DATA PROVIDED Start Marker

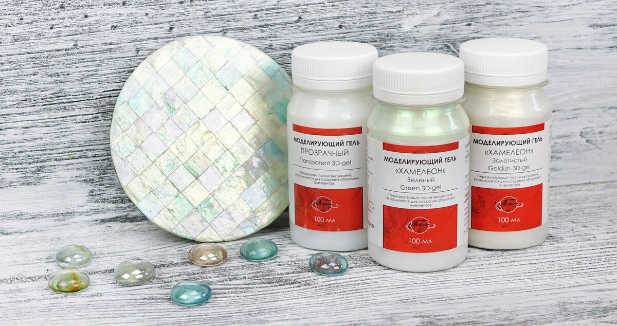 Отдельно стоит остановиться на прозрачном моделирующем геле. Уникальность этой геля состоит в том, что он прозрачен после высыхания, а значит, позволяет создавать объёмные элементы на уже нанесенных рисунках. Эта техника может использоваться в декупаже, в имитации мазков кисти при распечатке на холсте, создании рельефных поверхностей на стекле и многом другом.
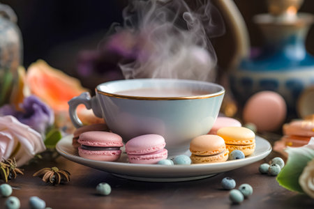 Macarons with cup of tea. AI generated.
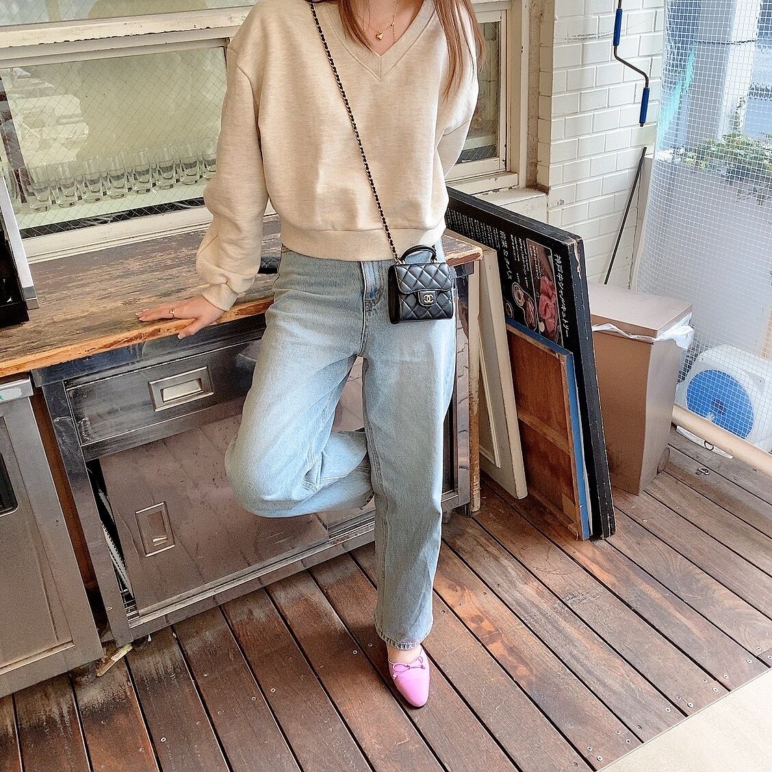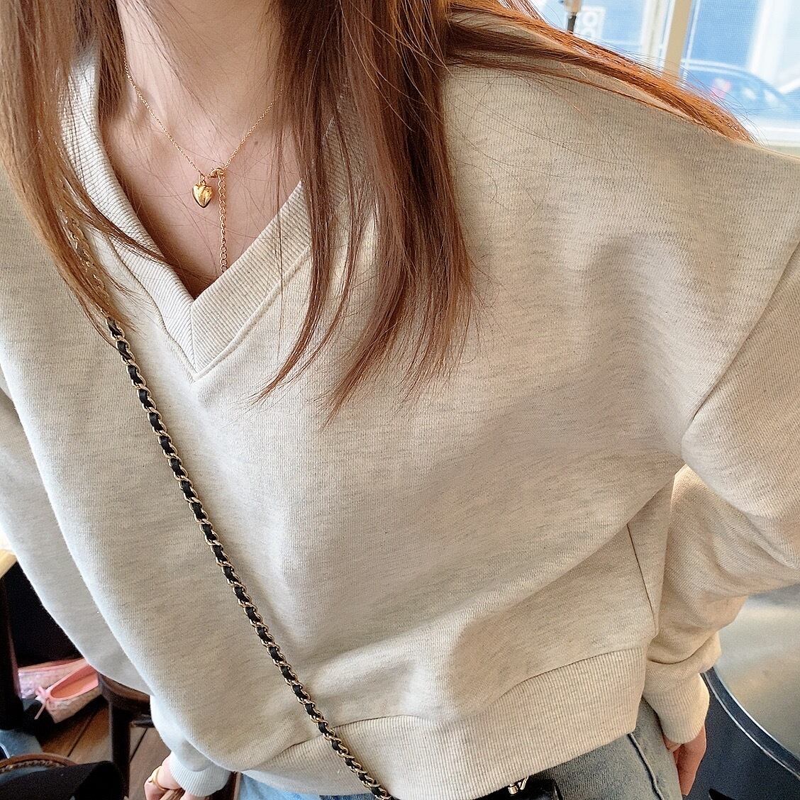 カジュアルになりがちなスウェット素材のトップスですが、抜け感のある深めのVネックが女性らしさをプラスしてくれます。
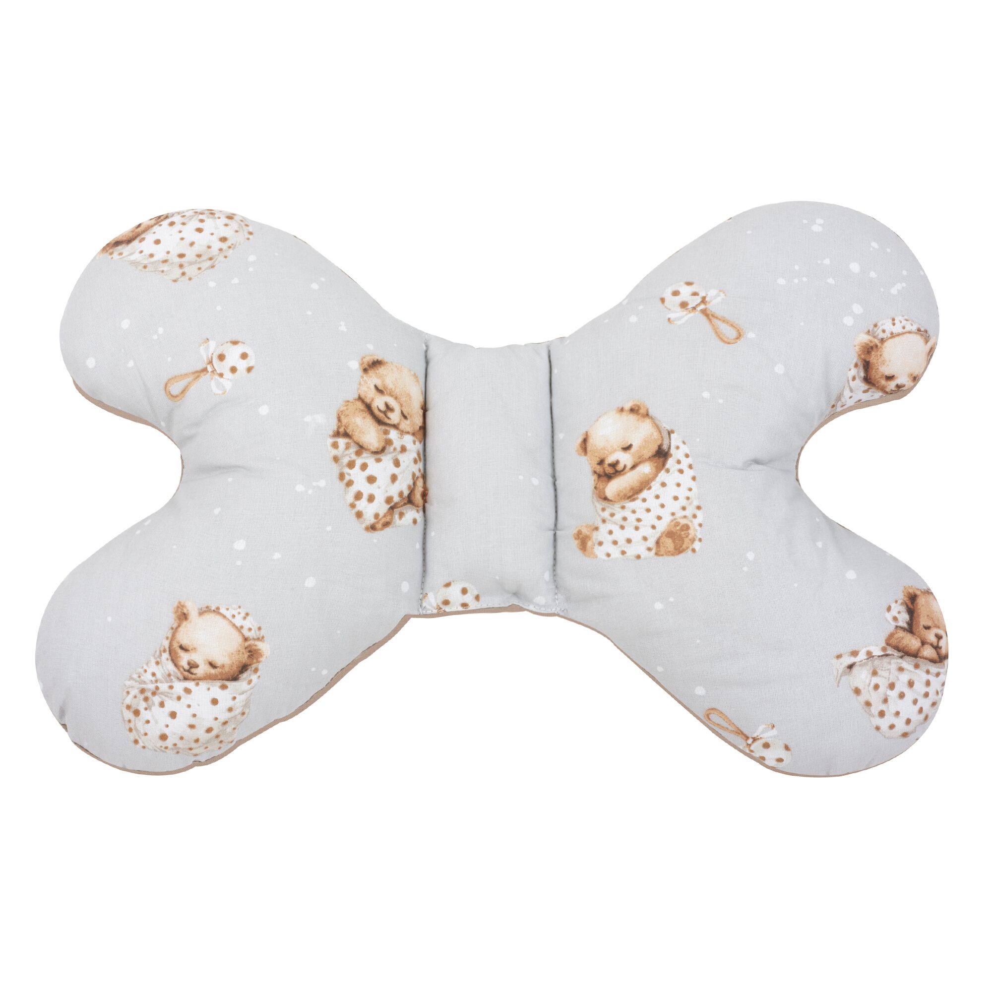 Protichvěcí oboustranný polštář Motýlek podpírá hlavičku dítěte během cestování, zabraňuje nekontrolovanému kývání ze strany na stranu a chrání citlivou krční páteř dítěte.

DATA PROVIDED End Marker

= WORK TO BE COMPLETED =
With the pictures left out, write out all of the data exactly.

= WRITTEN SOLUTION =
 Отдельно стоит остановиться на прозрачном моделирующем геле. Уникальность этой геля состоит в том, что он прозрачен после высыхания, а значит, позволяет создавать объёмные элементы на уже нанесенных рисунках. Эта техника может использоваться в декупаже, в имитации мазков кисти при распечатке на холсте, создании рельефных поверхностей на стекле и многом другом.
 Macarons with cup of tea. AI generated.
 カジュアルになりがちなスウェット素材のトップスですが、抜け感のある深めのVネックが女性らしさをプラスしてくれます。
 Protichvěcí oboustranný polštář Motýlek podpírá hlavičku dítěte během cestování, zabraňuje nekontrolovanému kývání ze strany na stranu a chrání citlivou krční páteř dítěte.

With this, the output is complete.